Source: Deep Learning on Medium
So how did they do this? Let’s first look at what it can do. To achieve what they claimed, NEON need to do several things:
Notes: The below parts are just my ‘educated prediction’, thus bearing no truth on how NEON actually works or created. More details of NEON has yet to be released by Samsung.
Physical modeling: Real-human video to CGI, cross the uncanny valley
Given some video datasets of one actor, the model needs to learn how to transfer a video into CGI footage, the more similar the better. This technology has been well developed with the rise of Avatar and performance capture. Actors get filmed with some color dots grid on their faces to record their facial expressions and transfer those facial expressions grid movements into CGI character expressions. It’s a rather mature technology. What NEON did is just a bit different. It might not have the grid as a reference but using deep learning, it’s not too hard for the deep neural networks to find the features they need for the task and it can maybe do better than a simpler model like the facial grid.
Data Input: video footages
Data Output: facial/body grid movements time series data.
Expression modeling: Expression/Gesture projection to CGI
So from the video footage, we now have a grid movements time series data set, if we can label these data set with different expressions, we should be able to train some kind of autoencoder that can encode the CGI time-series to expression encoding, then re-generate the same CGI time-series data. Then we can look at the encoding and figure out what is smile, cry, surprise, angry, etc. This is also a solved problem. You can find one examples below:
Data Input: CGI Time-series data set
Data Output: Expression encoding/embedding layers
Personality modeling: Emotion to expression
So now we can pretty much control the expression of our CGI avatar via expression encoding, the next step would be to map emotion to expression. The expression is the externalizing of emotion, but the mapping isn’t always straightforward. You would think people will laugh when they are happy, but humanity is way more complicated than that. Some outgoing people will laugh out loud while an introvert will probably just smirk subtly. What controls the mapping from emotion to expression is personality. Now how do we model personality? This requires a lot of domain knowledge(this is also what Samsung claims the part they are still working on and I think the most challenging. Cause humanity, you know…).
Data Input: Emotion Labeling (multiple labels since one expression could have multiple emotions behinds it)
Data Output: Expression encoding/embeddings representing the emotion for given avatar
What Samsung Say About NEON is comprised of
From the presentation we know that NEON is actually comprised of three parts:
- Behavioral Neural Network (Expression Model?)
- Evolutionary Generative Intelligence (Personality Model?)
- Computational reality (Physical Model?)
Are my above assumptions true? We’ll know more in the near future, but please leave some responses if you have different ideas!

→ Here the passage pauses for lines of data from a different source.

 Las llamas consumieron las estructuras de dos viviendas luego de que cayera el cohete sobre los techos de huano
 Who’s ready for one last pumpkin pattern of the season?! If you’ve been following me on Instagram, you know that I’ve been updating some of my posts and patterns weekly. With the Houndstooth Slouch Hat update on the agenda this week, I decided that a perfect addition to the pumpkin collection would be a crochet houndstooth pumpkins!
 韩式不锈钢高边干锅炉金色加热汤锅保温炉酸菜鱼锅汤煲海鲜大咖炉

So how do these parts fit together and form a NEON? It could work as a pipeline:
First using the video footage of one human actor to train a neural network that can generate CGI grid time-series data. This will give the ability to control the CGI avatar to be as human as possible. The neural network will inevitably learn how human gestures and human facial expressions patterns, this lays the ground for further abstraction.
With the CGI grid movement time-series data, we can train an autoencoder that can do some kind of dimensional reduction, create some middle layer encoder then regenerate the CGI. Once the regenerated CGI is similar enough to the original time-series data, we’ll get an even more abstract layer (expression encoder) of the video, expressions, and gestures. Once we have the encoder or embedding, we can play around and see which combination of weights could generate certain expressions, e.g. smile, angry, surprised, etc. We can then use these weights ( might need to do some PCA to make it more manageable) to control the expression of our avatar, make it smile, cry, etc.

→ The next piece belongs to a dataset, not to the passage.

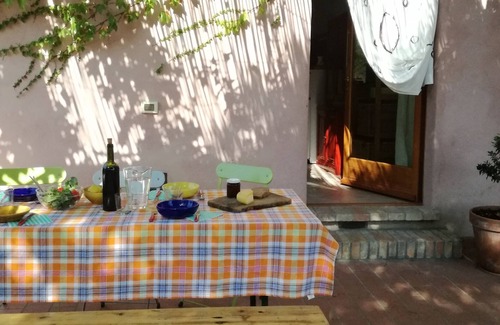 This independent apartment has a kitchen, bathroom, two bedrooms and a mezzanine, arranged on two levels. It is part of a country farmhouse in which we live with our children. The house is surrounded by a large private garden, where there is a table with chairs, deck chairs and some games for children as well as a parking area. From the porch and from the windows you can admire the changing colors of the Marche hills and the sky above them. The air here is clean, you can listen to the sounds of nature, fall asleep to the singing of crickets and wake up with the chirping of birds. We are located 30 km from the sea, in the hinterland of Fano not far from Urbino. Ideal starting point for splendid walks or bicycle rides to discover small villages and ancient landscapes. You will enjoy the peace and nature that surround us and the products of our organic and biodynamic farm. You can book lunch or dinner served at the table with us, we offer you an entirely organic meal whose main ingredients are grown by Antonio, the menu is simple and homemade, made with seasonal products, including wine and coffee or herbal tea.

To this point, the avatar’s expression could be largely controlled manually, but it’s not there yet. What’s needed is to have the avatar itself originally ‘generate’ expressions on its own, react to outside stimuli. This is where the personality model comes into play. Using the domain knowledge of phycology, emotional science, many different personality features can be developed their relationship to expression and outside stimuli can be modeled. If we use certain celebrity (say Bruce Lee) as an example, by labeling his behavior (expression) and outside stimulus (sentiment of words, gestures, etc.), we can develop a ‘personality’ model that reflects what the celebrity will react to the different sentiment with different expressions. Then we use this personality model to control the NEON’s reaction expression according to outside sentiment ( output from a sentiment classifier neural network maybe).
In the NEON official videos, there is a real-time visualization of NEON’s ‘emotion activation’ status, indicating how NEON react to outside stimulus. Pretty cool.

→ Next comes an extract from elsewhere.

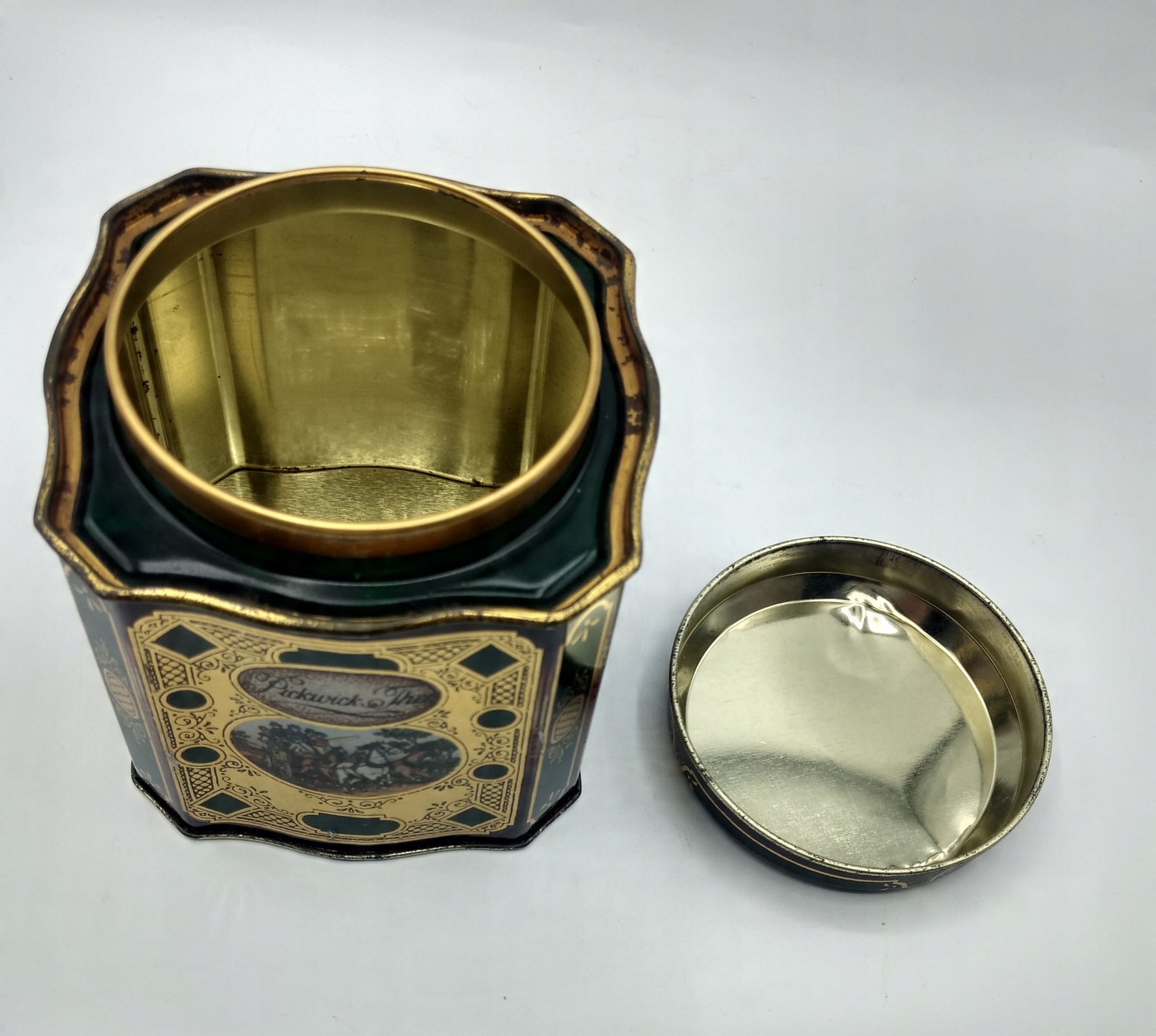 - это вещь старая и ее видно, небольшие вмятины и царапины кое-где, следы коррозии, но это только добавляет шарма жести, все это дополняется классными цветами и красивым мотивом телеги с лошадьми,

Beyond that, NEON can learn domain knowledge and provide more value. Samsung claims that they have another cloud AI platform called Spectra for that and 3rd party developers will be able to develop those ‘skills’ for NEON. Thinking Siri with a pretty face, charming voice, and can teach you Kung Fu. 😜
I have to say, even though the demo they showed on CES 2020 is far from perfect, NEON is groundbreaking. The team is thinking quite big and laid down a good foundation and framework. The computational hunger application at this moment may mean NEON can’t live on the edge, but with the fast development of 5G and better cloud platform, I believe the future potential for NEON is huge.